A lonely house? A rattling train carriage with no other occupants? An office block where only one light is working? Whether old or contemporary, every great ghost story begins with an isolated setting. Which leads to…


Suspense comes when our characters are cut off. Even groups in great horror shows become isolated while the “ghost” torments them, one by one.

Rumours abound

Fear has to be built; it doesn’t just arrive. The town whisper of mysterious happenings at the big house; an unnerving tale about the last occupant, often dismissed. If there’s one lesson to be learned here, it’s that when you’re in a ghost story, believe everything they say.

Bad weather

Brutal storms and impassable fog, no ghost story feels right without some truly bad weather.

The unexplained

Menace builds slowly: a dripping tap, writing on the window, the sense that someone is watching…

The truth must wait

Whether a story with unnerving elements, or a full-on spook-tastic read, the final horror – or the ghastly truth – waits until the end. However bad you think it is, it’s only going to get worse.

The scars remain

Even if our hero escapes, they are marked for life, sometimes for better (like Ebenezer Scrooge), sometimes for worse. And in the darkest of stories, there is no escape. What seems to be the fog lifting, or a friend approaching, is a harbinger of the true horror, the knowledge that our protagonist is trapped forever. Often until the final page, readers can never be sure of the outcome. Perhaps this gamble is what keeps so many people coming back for more.

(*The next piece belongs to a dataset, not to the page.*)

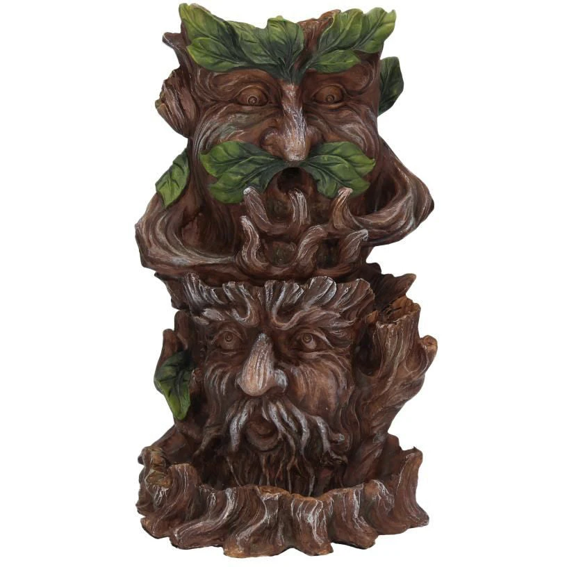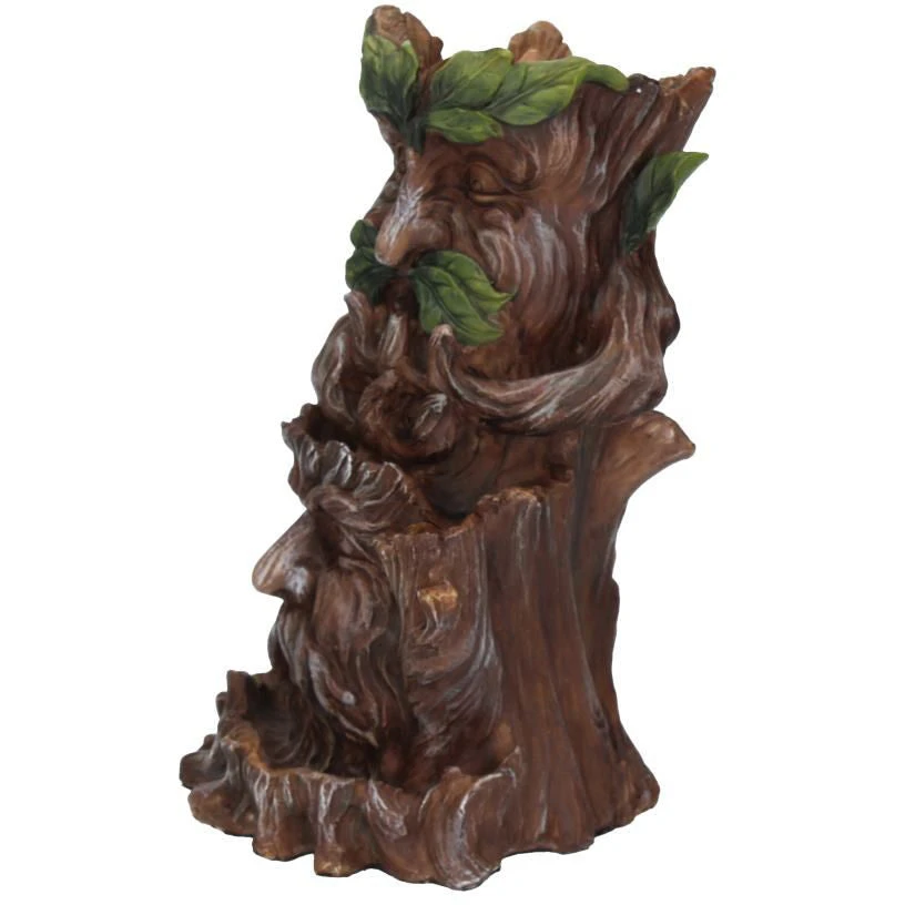 Cast in the finest resin before being painstakingly hand-painted. Stacked on top of each other, these two tree spirits are ancient and gnarled, bushy leaves and creeping roots forming thick, luxurious moustaches. The one below looks up at the antics of the one above as he puffs out his cheeks, ready to blow a thick plume of smoke. This burner is designed for backflow incense cones, made specially to produce a thicker, denser smoke which flows downwards from the open mouth of the spirits in a great cascade. Why not browse our selection here, and make sure you have a variety of scents so you can enjoy this burner to its fullest?

PEST by Anna Willett (2020)

A truly haunting tale set on the outskirts of a small Australian town called Thorn Tree. It all begins with strange sightings of a female figure who enters the nightmares of the townspeople. Anna Willet’s writing shines through in every section, painting a terrifying but gripping narrative. Scare rating: !!!!

Great Australian Ghost Stories by Richard Davis (2012)

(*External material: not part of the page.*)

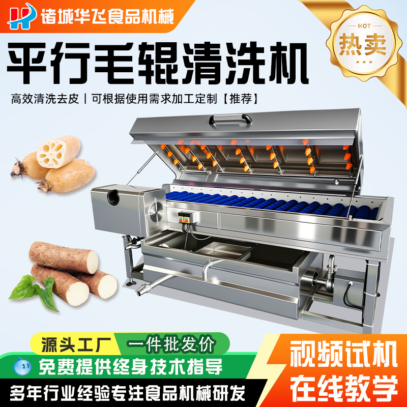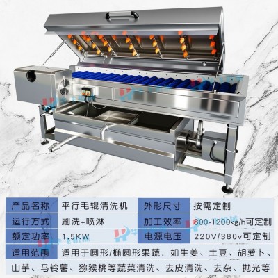 全自动平行毛辊清洗机土豆山药红薯生姜清洗去皮机高压喷淋清洗机

From convicts of our colonial past to the mysterious ghost lights of the outback, and spirits that wreak havoc on modern homes, Australia seems to be teeming with some of the most intriguing ghost stories. This far-reaching collection features stories from all Australian states, covering two centuries’ worth of history. Scare rating: !!!

The Haunting of Hill House by Shirley Jackson (1959)

Made into two feature films, a play, and now the basis of a TV series, this novel is often considered a classic of the genre. Named by the novelist Stephen King as one of the great supernatural novels of the 20th century, it has (of course) a creepy house, but it is in the minds of its characters that true horror is found. Scare rating: !!!!!

The Woman in Black by Susan Hill (1983)

Also a successful play and film, this novel utilises Victorian ghost story tropes to full effect: a house cut off from the mainland, a mysterious previous owner, rumours from the nearby village, and things that go bump in the night. Scare rating: !!!!

The Old Nurse’s Story by Elizabeth Gaskell (1852)

Gaskell, best known for her novels Cranford and North and South, was also an avid writer of ghost stories. This tale features classic Victorian elements – an isolated house, a spooky child, mysterious music and some pretty atrocious weather. Scare rating: !

Collected Ghost Stories by MR James (1931)

James is often cited as an influence on modern ghost stories, including some of those listed here, and his tales of ordinary people caught up in terror build a slow sense of menace. Scare rating: !!!